### Aim of the task
Your answer must be the exact lines of the listing below that run from the line with "本校吹奏楽部が、2023(第" to the line with "De moderne, volledig", ends included, and no pictures.

### Listed entries
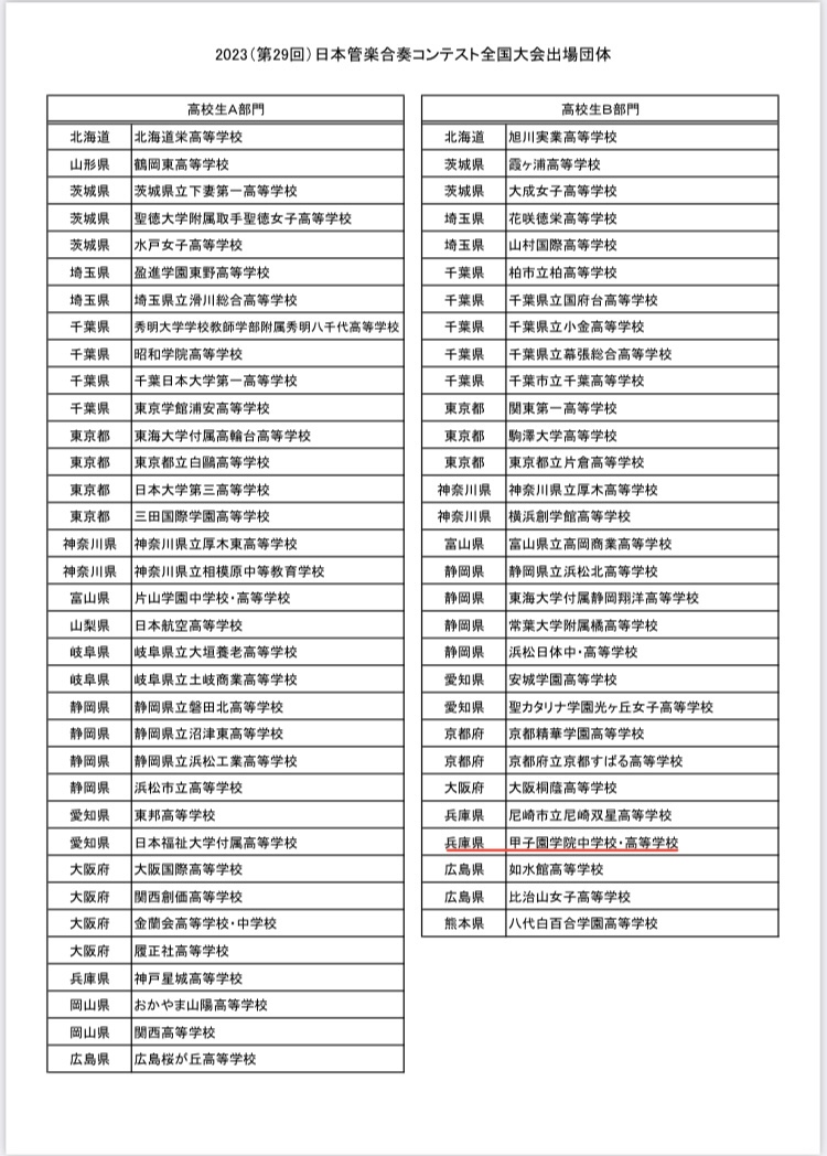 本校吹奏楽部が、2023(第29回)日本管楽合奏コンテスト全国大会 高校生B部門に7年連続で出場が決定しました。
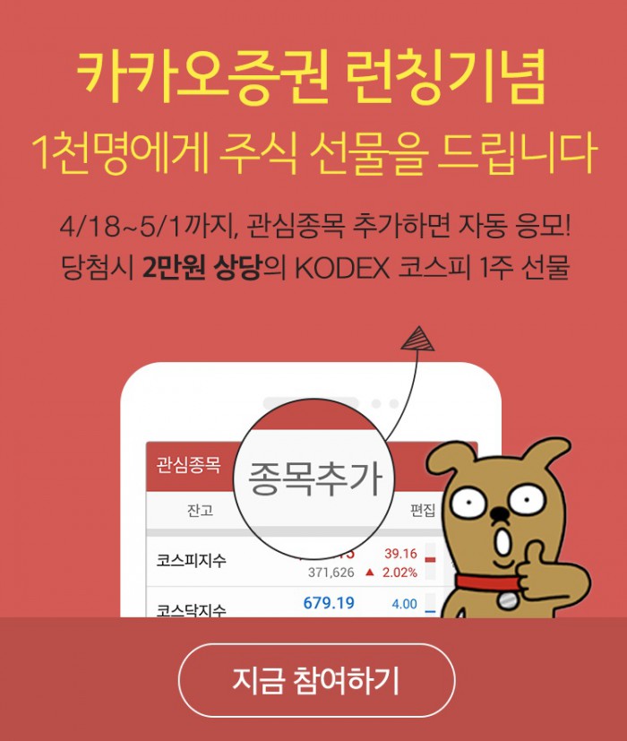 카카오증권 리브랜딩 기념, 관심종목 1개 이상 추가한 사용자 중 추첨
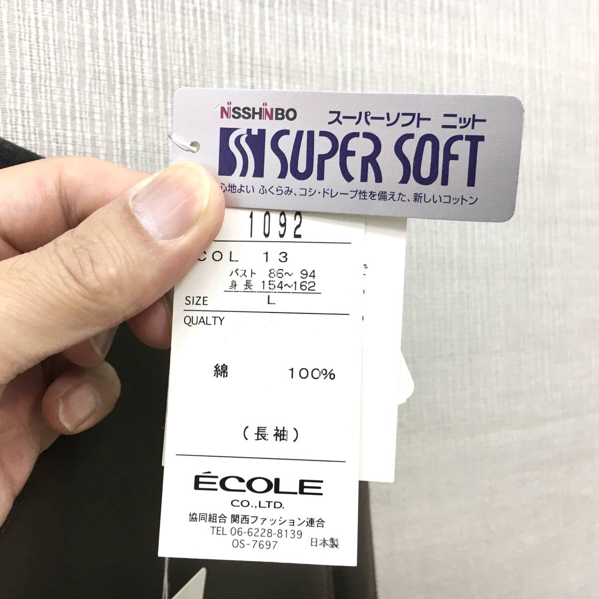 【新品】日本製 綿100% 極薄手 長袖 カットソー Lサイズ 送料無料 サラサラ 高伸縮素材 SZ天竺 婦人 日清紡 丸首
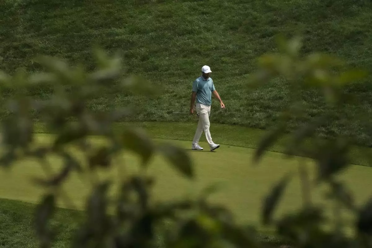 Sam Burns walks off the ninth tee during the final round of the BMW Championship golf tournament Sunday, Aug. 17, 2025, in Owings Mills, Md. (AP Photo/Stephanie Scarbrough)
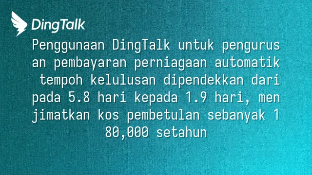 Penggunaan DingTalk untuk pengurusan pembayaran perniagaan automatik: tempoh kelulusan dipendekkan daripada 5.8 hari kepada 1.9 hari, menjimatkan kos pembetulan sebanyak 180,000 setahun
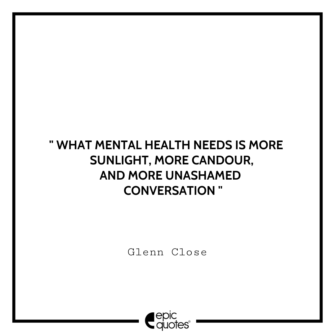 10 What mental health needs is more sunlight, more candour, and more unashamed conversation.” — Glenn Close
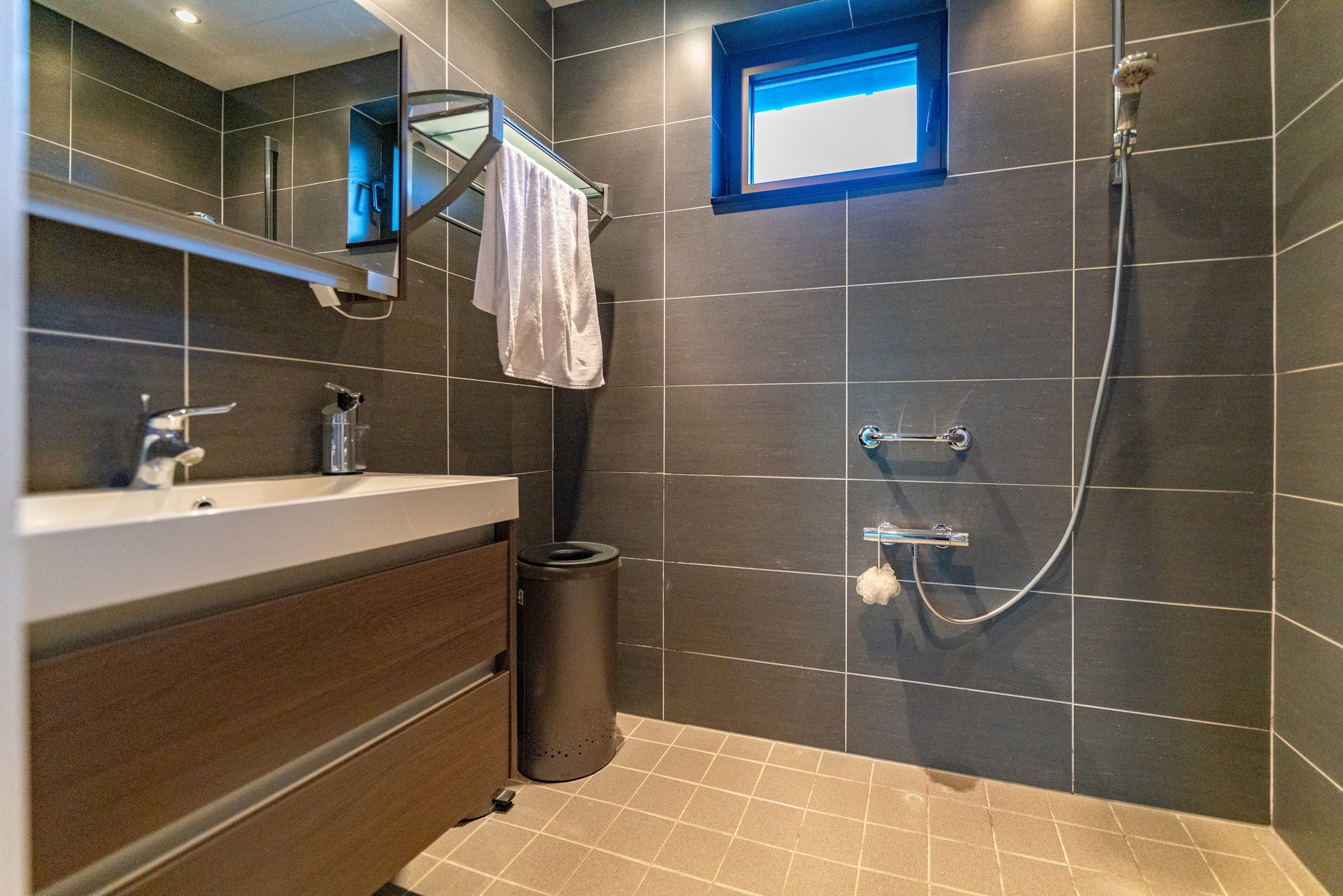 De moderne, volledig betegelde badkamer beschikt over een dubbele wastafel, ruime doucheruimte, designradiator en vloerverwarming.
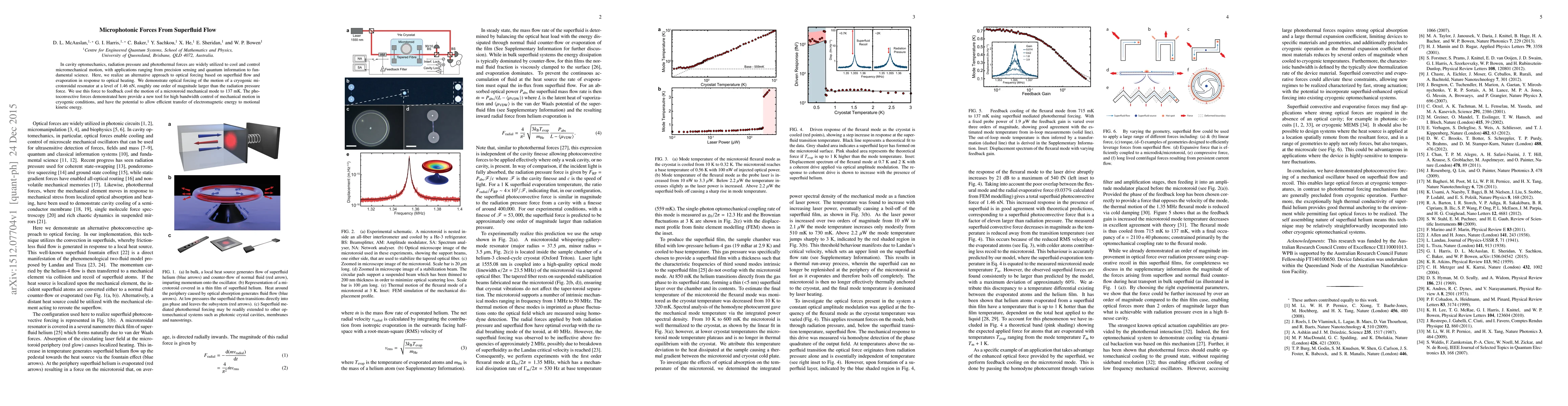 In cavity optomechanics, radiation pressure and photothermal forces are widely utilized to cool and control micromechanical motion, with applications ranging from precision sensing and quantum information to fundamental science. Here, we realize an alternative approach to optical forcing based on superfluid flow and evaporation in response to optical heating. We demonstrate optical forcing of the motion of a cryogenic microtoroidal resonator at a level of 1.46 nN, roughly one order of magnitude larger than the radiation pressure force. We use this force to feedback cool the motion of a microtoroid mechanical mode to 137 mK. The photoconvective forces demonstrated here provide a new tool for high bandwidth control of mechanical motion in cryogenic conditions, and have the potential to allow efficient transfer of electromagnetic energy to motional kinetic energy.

==

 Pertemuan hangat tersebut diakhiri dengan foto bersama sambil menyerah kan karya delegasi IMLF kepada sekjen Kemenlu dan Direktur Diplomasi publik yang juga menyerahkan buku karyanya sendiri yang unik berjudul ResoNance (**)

### Exercise solution
 本校吹奏楽部が、2023(第29回)日本管楽合奏コンテスト全国大会 高校生B部門に7年連続で出場が決定しました。
 카카오증권 리브랜딩 기념, 관심종목 1개 이상 추가한 사용자 중 추첨
 【新品】日本製 綿100% 極薄手 長袖 カットソー Lサイズ 送料無料 サラサラ 高伸縮素材 SZ天竺 婦人 日清紡 丸首
 Sam Burns walks off the ninth tee during the final round of the BMW Championship golf tournament Sunday, Aug. 17, 2025, in Owings Mills, Md. (AP Photo/Stephanie Scarbrough)
 Penggunaan DingTalk untuk pengurusan pembayaran perniagaan automatik: tempoh kelulusan dipendekkan daripada 5.8 hari kepada 1.9 hari, menjimatkan kos pembetulan sebanyak 180,000 setahun
 10 What mental health needs is more sunlight, more candour, and more unashamed conversation.” — Glenn Close
 De moderne, volledig betegelde badkamer beschikt over een dubbele wastafel, ruime doucheruimte, designradiator en vloerverwarming.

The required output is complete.